Dans ce paysage, il ne s’agit plus de proposer des réformes à un système vermoulu et de lui donner un supplément de viabilité politique, mais de procéder à une nouvelle forme de pouvoir. Pour répondre réellement au défi de la crise économique actuelle et donner avantage à la survie de la société par rapport à celle du régime politique, il faut en toute urgence faire reculer la logique des chefs communautaires, et donc l’emprise du confessionnalisme sur la société.

 

À la croisée des chemins

Le confessionnalisme n’est pas un fait de nature ni un sort définitif à accepter. C’est un produit de politiques publiques faites de mains d’hommes, et qu’il est temps de le combattre et de le remplacer par de mains d’hommes et de femmes. Tant que les structures du confessionnalisme lui autorisent de pousser encore plus ses avantages, ce système restera une puissance en marche. Tant qu’il n’y aura pas un contrepoids, une force inverse qui s’opposerait à ce régime, les partis communautaires préserveront leur contrôle malgré l’effondrement actuel auquel fait face la société. Le temps est venu pour que l’immobilisme désespérant de notre classe politique, ainsi que l’injustice quotidienne que subissent les Libanais et Libanaises deviennent un levier collectif pour sortir de la logique défensive, s’affranchir du confessionnalisme et constituer un avenir commun politique : un État laïc, fort et juste.

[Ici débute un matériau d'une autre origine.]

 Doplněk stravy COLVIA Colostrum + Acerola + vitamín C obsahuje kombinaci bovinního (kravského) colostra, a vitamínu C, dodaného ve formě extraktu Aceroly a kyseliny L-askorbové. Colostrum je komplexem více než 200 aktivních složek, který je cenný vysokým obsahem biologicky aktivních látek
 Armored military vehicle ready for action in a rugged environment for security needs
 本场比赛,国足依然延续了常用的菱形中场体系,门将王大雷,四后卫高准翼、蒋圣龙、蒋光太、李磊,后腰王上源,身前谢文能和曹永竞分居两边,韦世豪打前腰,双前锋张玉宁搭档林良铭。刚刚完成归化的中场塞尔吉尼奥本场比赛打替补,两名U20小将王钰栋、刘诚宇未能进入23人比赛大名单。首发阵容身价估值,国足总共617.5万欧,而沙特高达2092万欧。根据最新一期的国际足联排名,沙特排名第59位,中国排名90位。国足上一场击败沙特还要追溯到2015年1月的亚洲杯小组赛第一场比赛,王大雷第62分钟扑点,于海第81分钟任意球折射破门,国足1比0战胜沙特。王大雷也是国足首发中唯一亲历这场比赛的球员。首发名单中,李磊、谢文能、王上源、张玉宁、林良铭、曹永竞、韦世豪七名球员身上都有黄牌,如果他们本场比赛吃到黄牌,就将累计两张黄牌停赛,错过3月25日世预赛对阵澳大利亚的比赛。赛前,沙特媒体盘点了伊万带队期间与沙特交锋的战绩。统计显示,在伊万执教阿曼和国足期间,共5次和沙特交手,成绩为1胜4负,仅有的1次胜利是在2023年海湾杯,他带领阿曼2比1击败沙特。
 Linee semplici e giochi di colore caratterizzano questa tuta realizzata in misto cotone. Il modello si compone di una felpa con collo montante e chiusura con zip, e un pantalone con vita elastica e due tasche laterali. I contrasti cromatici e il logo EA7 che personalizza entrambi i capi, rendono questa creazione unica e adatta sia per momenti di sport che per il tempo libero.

Nous voici donc à la croisée des chemins : soit nous sortons du confessionnalisme, et nous nous sauvons nous-mêmes et l’économie (voir article : Abolissez le confessionnalisme !), soit nous nous laissons enrôler dans des crises sans fin, qui mèneront tôt ou tard vers une dilapidation de notre société.

Nous voici donc à la croisée des chemins, où il est nécessaire de se poser des questions sérieuses, et de choisir entre « le confessionnalisme » ou « la vie ».